2.1 Get the original page
Press the subway directly, find line 15 Wangjing East, and then get the room list, and then deal with the next pagination.
Sample code:
# -*- coding: UTF-8 -*- import os import time import random import requests from lxml.etree import HTML __author__ = 'lpe234' index_url = 'https://www.ziroom.com/z/s100006-t201081/?isOpen=0' visited_index_urls = set() def get_pages(start_url: Param start_url :return: """ "# to reset if start_url in visited_index_urls: Return visited_index_urls.add(start_url) headers = {' user-agent ': 'Mozilla/5.0 (Windows NT 10.0; WOW64) AppleWebKit/537.36 (KHTML, like Gecko) Chrome/90.0.4430.212 Safari/537.36'} resp = point. get(start_url, requests) Headers =headers) Resp.Content.Decode (' UTF-8 ') root = HTML(Resp.Content.Decode (' UTF-8 ' root.xpath('//div[@class="Z_list-box"]/div/div[@class="pic-box"]/a/@href') for href in hrefs: if not href.startswith('http'): Href = 'href :' + href.

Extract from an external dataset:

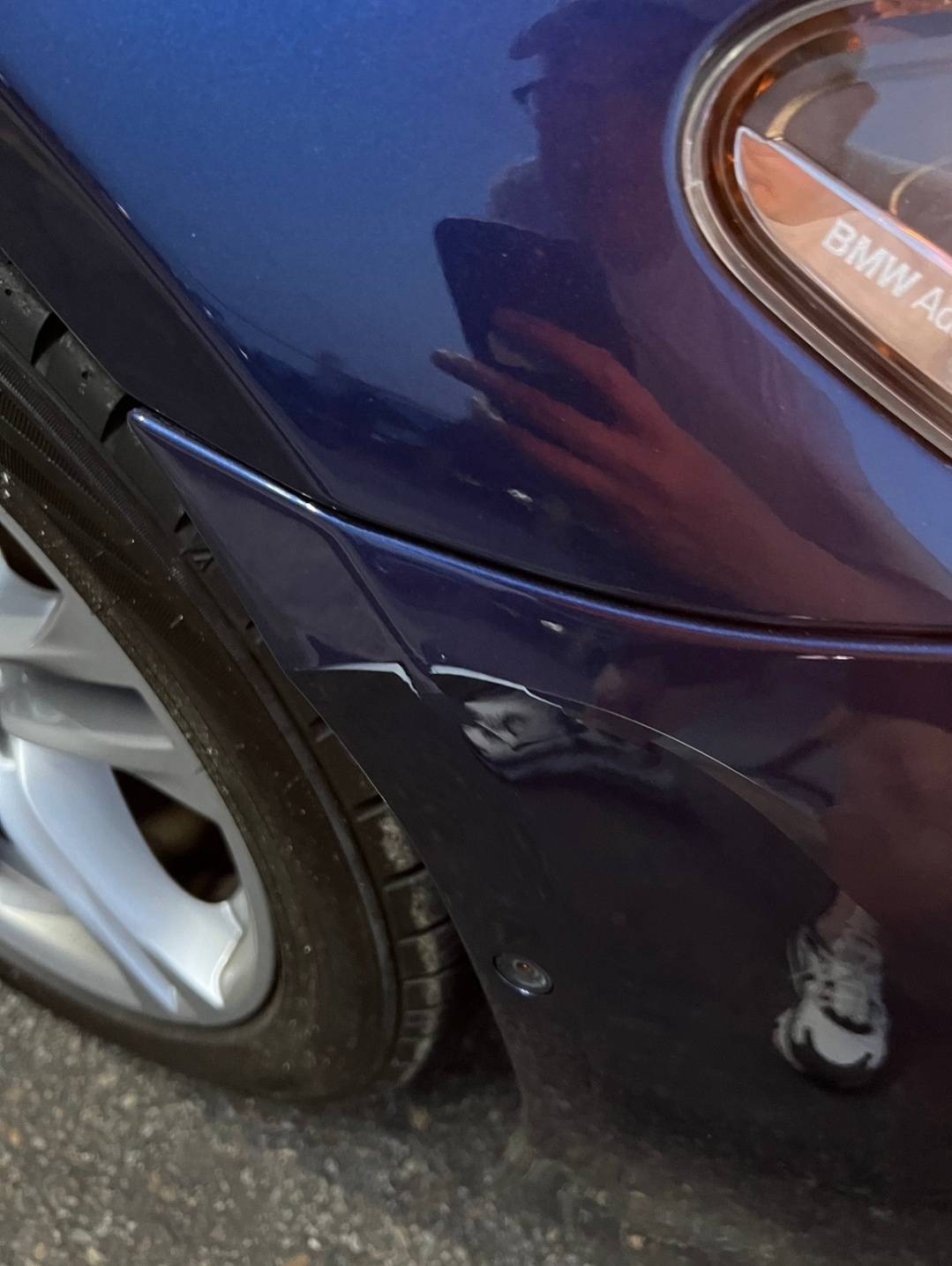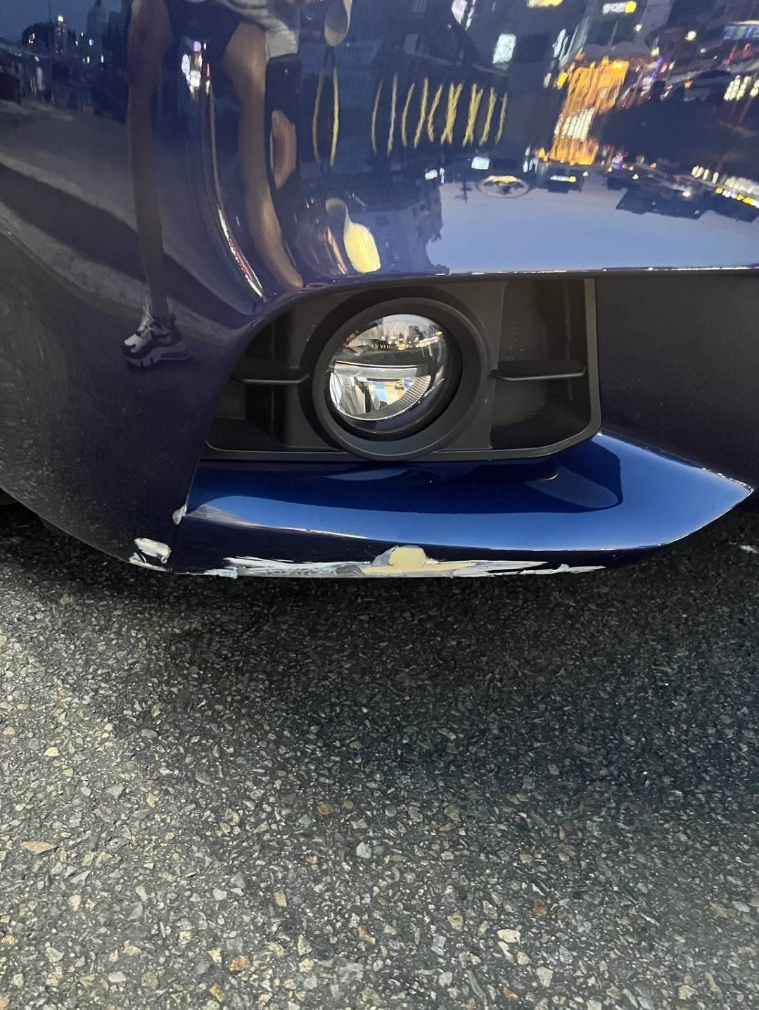 범퍼 하단 부분에는 도장면이 완전히 손상된 모습을

Strip () print(href) parse_detail(href root.xpath('//div[@class="Z_pages"]/a/@href') for page in pages: if not page.startswith('http'): + page get_pages(page) def parse_detail(detail_url: STR): "" "" headers = {'User-Agent': 'Mozilla/5.0 (Windows NT 10.0; WOW64) AppleWebKit / 537.36 (KHTML, Filename = 'pages/' + detail_url.split('/')[-1] if (like Gecko) Chrome/90.0.4430.212 Safari/537.36'} filename = 'pages/' + detail_url.split('/')[-1] if (like Gecko) Chrome/90.0.4430.212 Safari/537.36' os.path.exists(filename): Return time.sleep(random. RandInt (1, 5)) resp = point.get (detail_url, request) headers=headers) resp_content = resp.content.decode('utf-8') with open(filename, 'wb+') as page: page.write(resp_content.encode()) if __name__ == '__main__': get_pages(start_url=index_url)
A simple access to nearby housing sources, a total of about 600.

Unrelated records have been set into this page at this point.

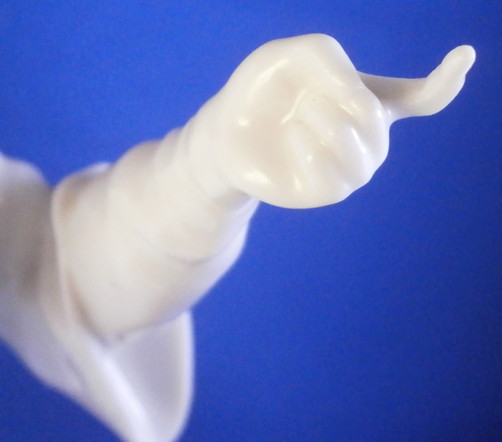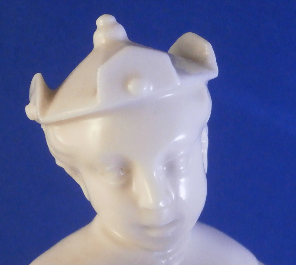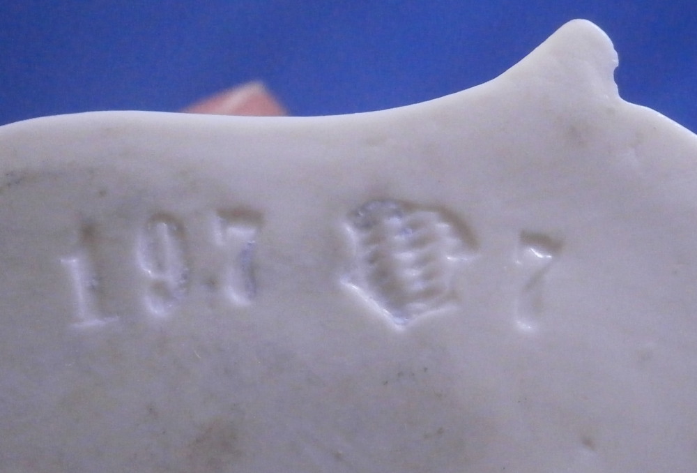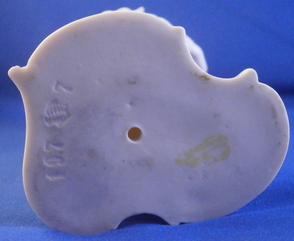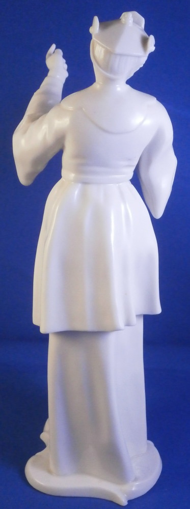 This is a figurine of a Chinese lady made by Nymphenburg in the 20th century. The figure comes from a series of 17 or 18 figurines I think - this being one of the harder to find pieces and number 13 of the series for me. Originally it was off course modelled by Bustelli in the 18th century. This is the blanc de chine version but this also comes in a painted version though one rarely ever sees those. I own a few figures from this seriesand they are probably my favorite figures besides the commedia dell'Arte, off course. The figurine is of a noble lady or priestess (not sure) dressed in a flowing robe with a fancy hat on her head and a bird sitting on her right hand. The left hand with a finger stretched out as if to lure another bird on that hand. Some nice modeled details to the figurine and the typical base. The figure is 7.25 inches tall, 2.375 inches wide and 3.75 inches deep. She is in great condition with a piece of the strap missing that is holding her hat in place (it is in the back and invisible when on display plus the ends of the belt around her waste are slightly chipped as shown. Not obvious at all when on display. The figurine is marked with the impressed shield mark on top of the base as well as underneath plus the impressed numbers 197 and 7 as shown. Please email me for more information or other pictures.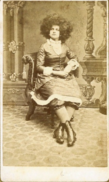 The portrayal of a white woman as a rescued slave at the time of the American Civil War played on the racial connotations of slavery at the time. It has been argued that the distinctive hairstyle affiliates the side-show Circassian with African identity, and thus,
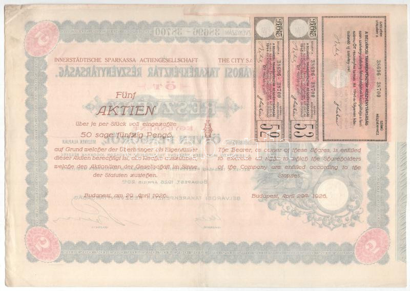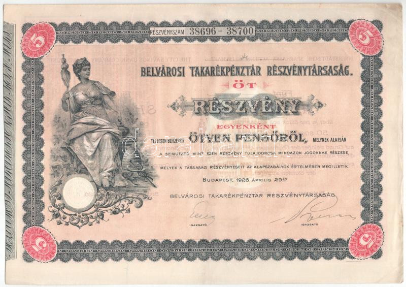 1926. Budapest "Belvárosi Takarékpénztár Részvénytársaság" ö... https://www.darabanth.com/hu/504-Gyorsarveres/504.0/Numizmatika/Reszvenyek-es-sorsjegyek~4500052/1926-Budapest-3Cem3EBelvarosi-Takarekpenztar-Reszvenytarsasag3Cem3E-ot-reszvenye-egyben-2~II2920495
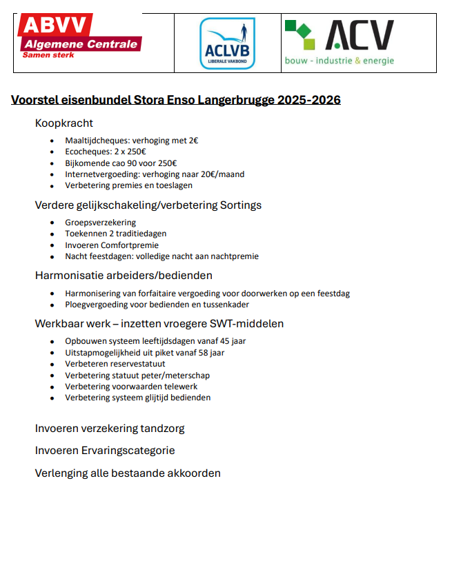 Deze week hebben de vakbonden de gemeenschappelijke eisenbundel ingediend voor de ondernemingsonderhandelingen. Er wordt nu gekeken naar een datum voor een eerste overleg met de directie.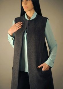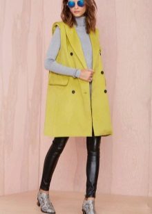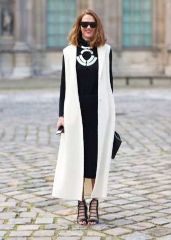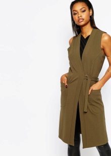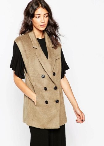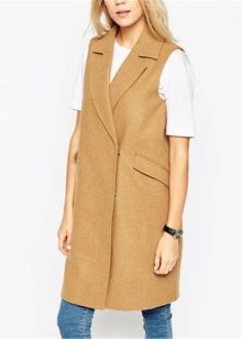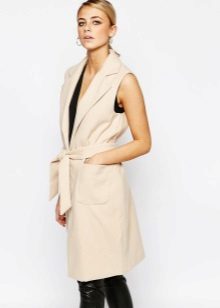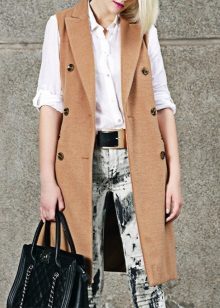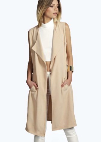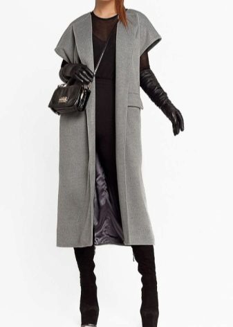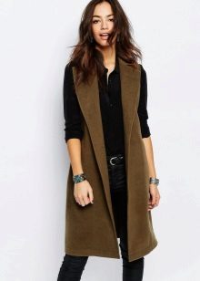 A sleeveless coat can be, like a real coat, short (very much like a vest), medium length (this length accounts for most of the variety of such coats) and very long (which is especially suitable for tall girls).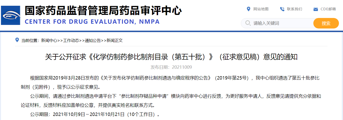 關于公開征求《化學仿制藥參比制劑目錄(第五十批)》(征求意見稿)意見的通知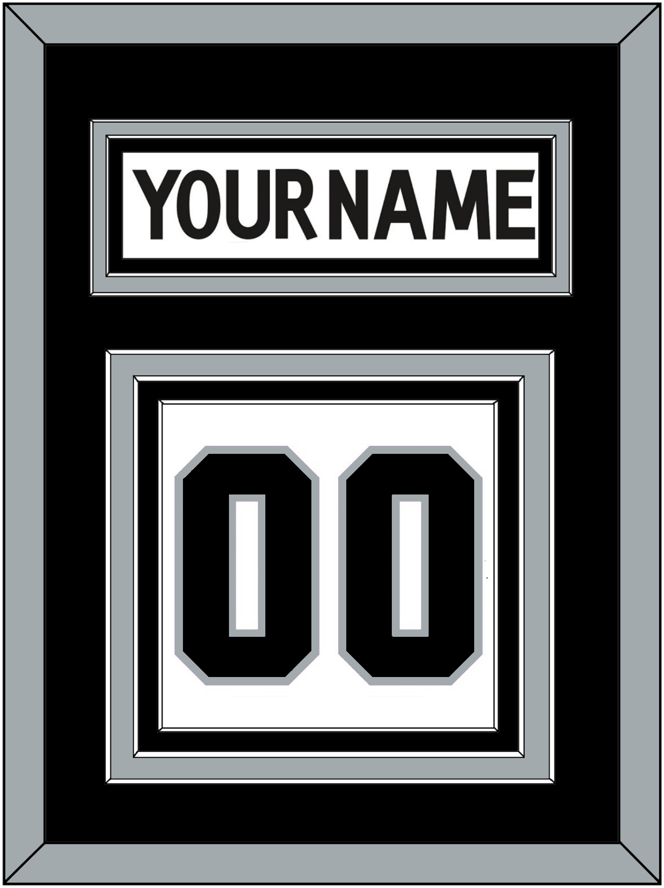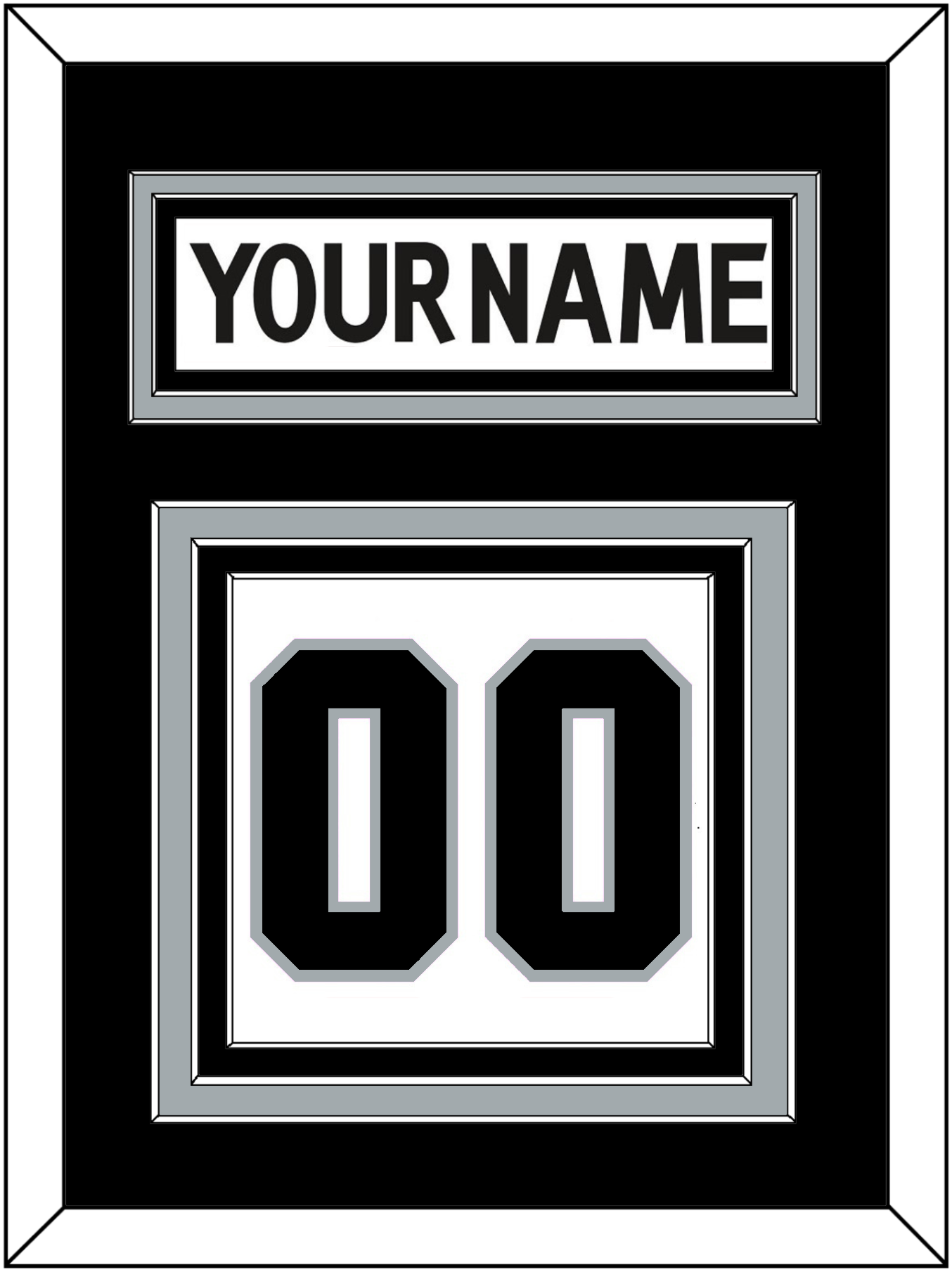 Los Angeles Road White Jersey (2011 Through 2017) Nameplate & Numbers (From The Back Of The Jersey). Nameplate Is Double Mat Cut: Black Mat Over A Silver Mat. White Nameplate Mounted On A Black Mat. To Match The Jersey, Number Is Triple Mat Cut: Black Mat Over A Silver Mat Over A Black Mat. Black Number Mounted On A White Mat. White Or Silver (Metal) Frame.

2.2 Analyze web pages to get pictures
The logic is simple. Go through all the previous pages, parse the price picture and save it.
Sample code:
# -*- coding: UTF-8 -*- import os import re from urllib.request import urlretrieve from lxml.etree import HTML __author__ = 'lpe234' Poss = list() def walk_pages(): "" return: "" for dirpath, dirnames, filenames in os.walk('pages'):" for page in filenames: page = os.path.join('pages', page) print(page) parse_page(page) def parse_page(page_path: str): "" with open(page_path, 'rb') as page: "" page_content = ''.join([_.decode('utf-8') for _ in page.readlines()]) root = HTML(page_content) styles = root.xpath('//div[@class="Z_price"]/i/@style') pos_re = re.compile(r'background-position:(.*?)px; ') img_re = re.compile(r'url\((.*?)\); ') for style in styles: style = style.strip() print(style) pos = pos_re.findall(style)[0] img = img_re.findall(style)[0] if img.endswith('red.png'): continue if not img.startswith('http'): img = 'http:' + img print(f'pos: {pos}, img: {img}') save_img(img) poss.append(pos) def save_img(img_url: str): img_name = img_url.split('/')[-1] img_path = os.path.join('imgs', img_name) if os.path.exists(img_path): return urlretrieve(img_url, img_path) if __name__ == '__main__': walk_pages() print(sorted([float(_) for _ in poss])) print(sorted(set([float(_) for _ in poss])))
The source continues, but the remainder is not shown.